→ **Task prompt**
Every line of the material is to be transcribed verbatim, with images omitted.

→ **Collected data**
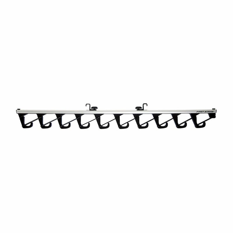 10本積み。SWホルダーをロッドホルダーのフロントとリアの中間に装着すると、振出竿や2ピースロッド、ギャフやタモの柄との混載ができます。J型フックの本数は調節できます。
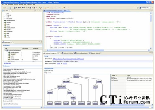 這里強(qiáng)調(diào)的Eclipse插件,除了本身作為優(yōu)秀工具,還提供了附加于Eclipse工作臺(tái)內(nèi)的順暢互操作性:你可以一邊看著對(duì)應(yīng)呼叫者輸入的對(duì)話流程,一邊檢查和完成語(yǔ)音識(shí)別語(yǔ)法;你也可以一邊構(gòu)建連接后臺(tái)的Web服務(wù)代碼,一邊通過(guò)簡(jiǎn)單地拖放來(lái)調(diào)整應(yīng)用邏輯。開(kāi)發(fā)者首次擁有了對(duì)所有應(yīng)用方面的同時(shí)控制,無(wú)須在不同IDE之間進(jìn)行切換,或者在選擇單一環(huán)境時(shí)在特性上的折衷。
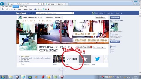 こんばんは、Ozzyです! 初めに、皆様のおかげで当店のFacebookのいいね!が1,000件に到達いたしました いつも応援ありがとうございます! これからもSURF100%をよろしくお願いいたしますm(_ _)m ち…

→ **Reply**
 10本積み。SWホルダーをロッドホルダーのフロントとリアの中間に装着すると、振出竿や2ピースロッド、ギャフやタモの柄との混載ができます。J型フックの本数は調節できます。
 這里強(qiáng)調(diào)的Eclipse插件,除了本身作為優(yōu)秀工具,還提供了附加于Eclipse工作臺(tái)內(nèi)的順暢互操作性:你可以一邊看著對(duì)應(yīng)呼叫者輸入的對(duì)話流程,一邊檢查和完成語(yǔ)音識(shí)別語(yǔ)法;你也可以一邊構(gòu)建連接后臺(tái)的Web服務(wù)代碼,一邊通過(guò)簡(jiǎn)單地拖放來(lái)調(diào)整應(yīng)用邏輯。開(kāi)發(fā)者首次擁有了對(duì)所有應(yīng)用方面的同時(shí)控制,無(wú)須在不同IDE之間進(jìn)行切換,或者在選擇單一環(huán)境時(shí)在特性上的折衷。
 こんばんは、Ozzyです! 初めに、皆様のおかげで当店のFacebookのいいね!が1,000件に到達いたしました いつも応援ありがとうございます! これからもSURF100%をよろしくお願いいたしますm(_ _)m ち…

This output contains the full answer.